05th Feb 2004
Uh, Let’s Not Forget Domestic Terrorism
I just found rather randomly this story on CNN’s site (reported by AP, no less):
William Krar and Judith Bruey assembled a frightening arsenal in three rented storage units in this East Texas town, and federal authorities are trying to figure out why.
A raid in April found nearly two pounds of a cyanide compound and other chemicals that could create enough poisonous gas to kill everyone inside a space as large as a big-chain bookstore or a small-town civic center.
Authorities also discovered nearly half a million rounds of ammunition, more than 60 pipe bombs, machine guns, silencers and remote-controlled bombs disguised as briefcases, plus pamphlets on how to make chemical weapons, and anti-Semitic, anti-black and anti-government books.
The findings have led to one of the most extensive domestic-terrorism investigations since the 1995 Oklahoma City bombing.
Seems odd that relative news junkie that I am, I never heard any other mention of this that I can recall. I search of NPR’s archive comes up with nothing and searching the NYT’s site back a year (the bust was in last April, though CNN’s AP report appeared only a week ago) yields only one Op-Ed piece.
Sure seems like a story worth reporting, to me.

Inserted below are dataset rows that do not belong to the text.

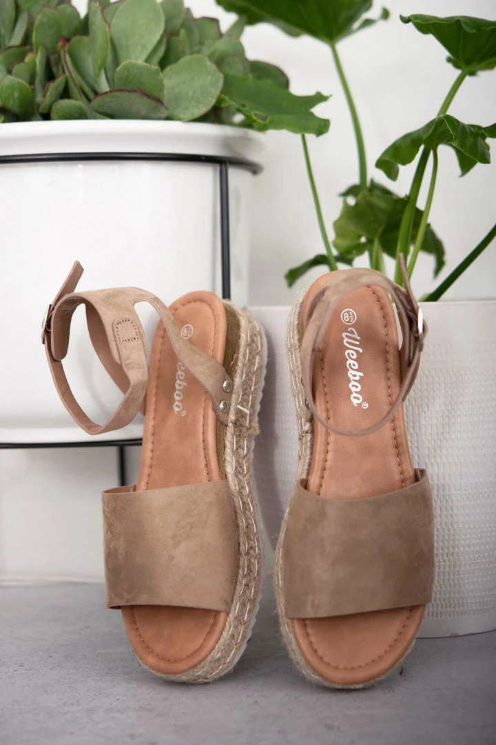 These versatile espadrille style sandals have an open-toe and open-back design, with an adjustable strap around the ankle. Pair them with jeans and a cute blouse or with a dress.
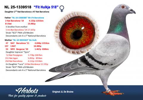 In this internet actions several special birds from the heart of the 2 colonies of Jacky & Leen De Bruine and PWA Van Der Meulen. Since 2018, 3 x 1st National, 1 x 2nd National Barcelona and 1 x 1st National Bergerac have been won thanks to the super breeder “823” from PWA Van der Meulen.
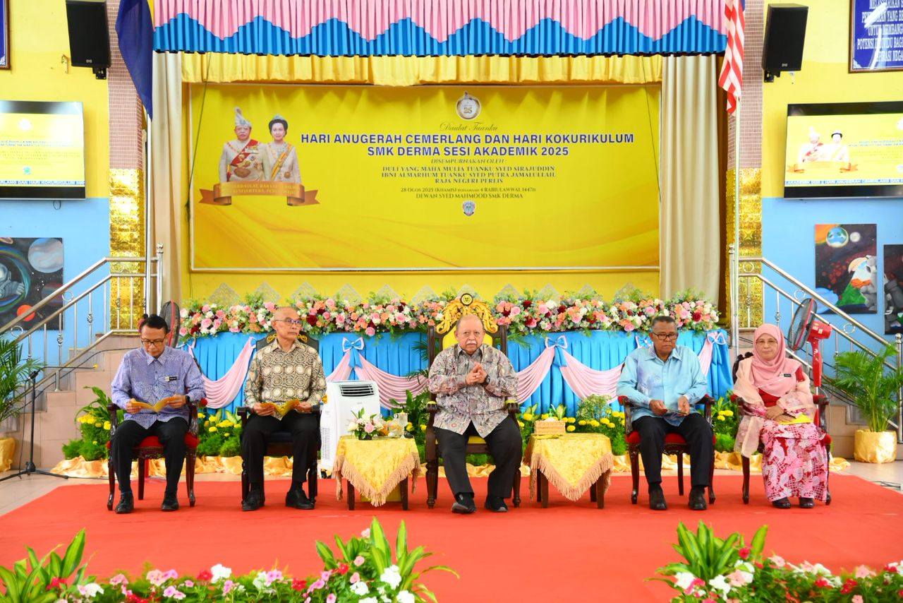 DYMM Tuanku Syed Sirajuddin Ibni Almarhum Tuanku Syed Putra Jamalullail Raja Perlis telah berkenan berangkat ke Hari Anugerah Cemerlang dan Hari Kokurikulum SMK Derma Sesi Akademik 2025 bertempat di Dewan Syed Mahmood SMK Derma, Kangar, Perlis.
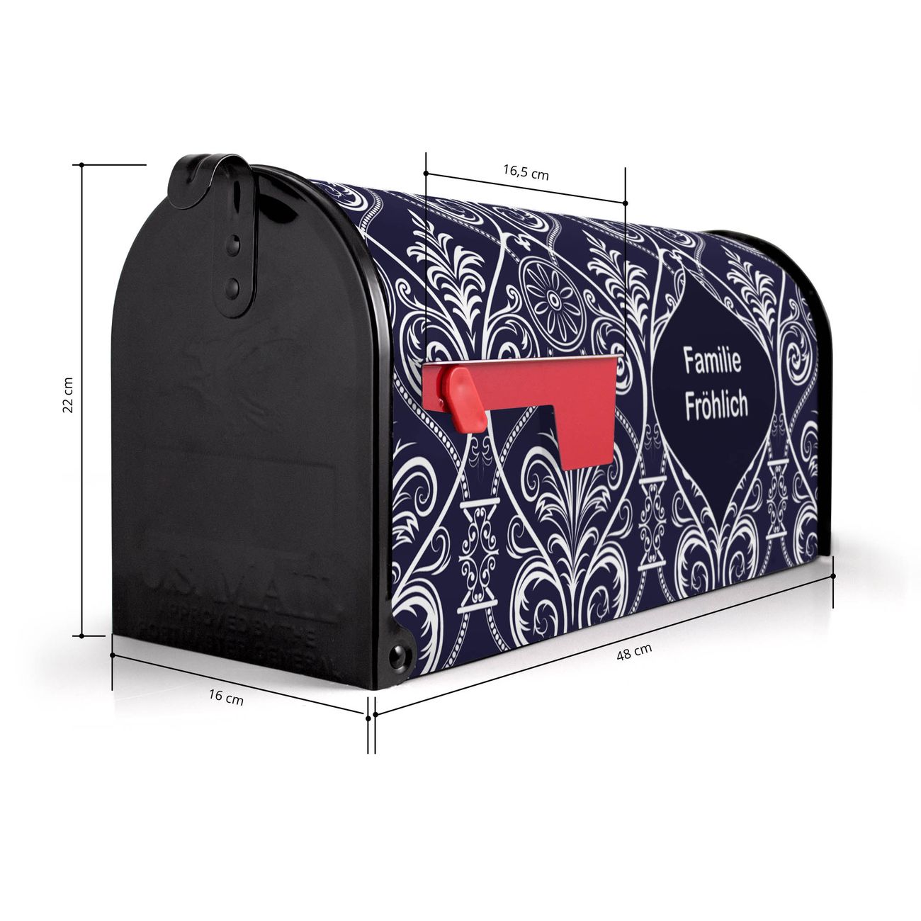 Der amerikanische Briefkasten von banjado mit Blaue Tapete Motiv bietet Ihnen ausreichend Fassungsvermögen, um große A4 Sendungen und Zeitschriften zu empfangen. Die typisch amerikanische rote Fahne zeigt Ihnen an, wenn Sie Post erhalten haben. Die US-Mailbox besteht aus verzinktem Stahlblech welches lackiert wurde und ist 48 x 22 x 16 CM (BxHxT) groß. Die Folie mit Motiv Blaue Tapete besteht aus einer wetter- und UV-resistenten Folie, die mit einem Schutzlaminat überzogen ist, sodass die US Mailbox zusätzlich vor Kratzern geschützt ist. An der Unterkante sind 4 Löcher je Seite um die Mailbox, typisch amerikanisch, an einem Holzpfahl oder einem Zaun zu befestigen. Auf Wunsch können Sie bei uns den passenden Standfuß oder die passende Wandhalterung kaufen um die US-Mailbox sicher zu befestigen. Wir bieten Ihnen ebenfalls Namensschilder, bereits beschriftet oder frei zu beschriften, und verschiedene selbst gestaltete Bitte-Keine-Werbung-Aufkleber.

This, BTW, was the story I was looking for, a Fox report that U.S. troops in Iraq have found a seven-pound block of extremely toxic cyanide salt in the safehouse of Abu Musab Zarqawi, the Iraqi poisons specialist affiliated with Al Qaeda. I was looking to see if anyone else corroborated the report, as, granted, Fox is a bit suspect. Nothing on Google News yet. But then, if we don’t report a couple of Americans with enough toxins and explosives to level part of Texas, I’m not sure I’m surprised that more of the mainstream press isn’t yet on this Iraqi weasons (dare of say “of mass destruction”?) cache.